Использование мощностей графических процессоров (ГП) существенно улучшает время обработки для моделей машинного обучения. ArcGIS Notebook Server может использовать преимущества графических процессоров NVIDIA на своем компьютере хоста, но для этого необходимо выполнить ряд настроек.
Примечание:
Начиная с версии 10.8, встроенные рабочие среды ArcGIS Notebook Server включают Conda CUDA Toolkit для поддержки ГП. Ранее этот рабочий процесс требовал создания настраиваемой рабочей среды для включения CUDA.
Следующий рабочий процесс имеет две основные цели. Первая заключается в установке драйверов NVIDIA и среды выполнения, которые позволят компоненту сайта Docker создавать контейнеры, готовые к использованию ГП. Вторая – создание копии среды выполнения блокнота, настроенной для использования среды выполнения NVIDIA. Все ArcGIS Notebooks, открытые с помощью этой среды выполнения, будут запущены в контейнерах, готовых к использованию ГП. Кроме того, новая рабочая среда сохранит все библиотеки Python для среды выполнения блокнотов.
После установки и настройки ArcGIS Notebook Server выполните следующие инструкции. Если на вашем сайте ArcGIS Notebook Server несколько компьютеров, выполните шаги с 1 по 3 на всех компьютерах.
- Установите соответствующие драйверы NVIDIA на каждую машину на вашем сайте.

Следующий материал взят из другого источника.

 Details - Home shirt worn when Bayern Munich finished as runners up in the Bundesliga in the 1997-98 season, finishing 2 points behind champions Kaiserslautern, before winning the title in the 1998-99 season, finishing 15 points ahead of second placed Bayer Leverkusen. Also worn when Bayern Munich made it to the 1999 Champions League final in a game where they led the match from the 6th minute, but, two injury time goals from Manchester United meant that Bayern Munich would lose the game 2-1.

Полную информацию см. на веб-сайте NVIDIA.
- Установите среду выполнения nvidia-docker 2.0 на этом компьютере, чтобы контейнеры блокнота могли использовать преимущества ГП. Обратитесь к репозиторию NVIDIA-Docker на GitHub для скачивания ПО и документации для вашей ОС.

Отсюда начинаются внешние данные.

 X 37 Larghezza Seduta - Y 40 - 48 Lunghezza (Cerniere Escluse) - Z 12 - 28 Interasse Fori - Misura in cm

- Запустите следующую команду на каждом компьютере, чтобы убедиться, что ваши элементы NVIDIA установлены правильно:
docker run --runtime=nvidia --rm nvidia/cuda:9.0-base nvidia-smi
- Войдите на ваш портал ArcGIS Enterprise с правами администратора и откройте ArcGIS Notebook Server Manager.
- Откройте страницу Настройки и щелкните Runtimes.
- Щелкните кнопку Изменить для среды выполнения, которую вы будете использовать в качестве основы среды выполнения с поддержкой ГП, либо ArcGIS Notebook Python 3 Advanced, либо ArcGIS Notebook Python 3 Standard. Скопируйте значение ID изображения. Щелкните Отмена для выхода из редактора.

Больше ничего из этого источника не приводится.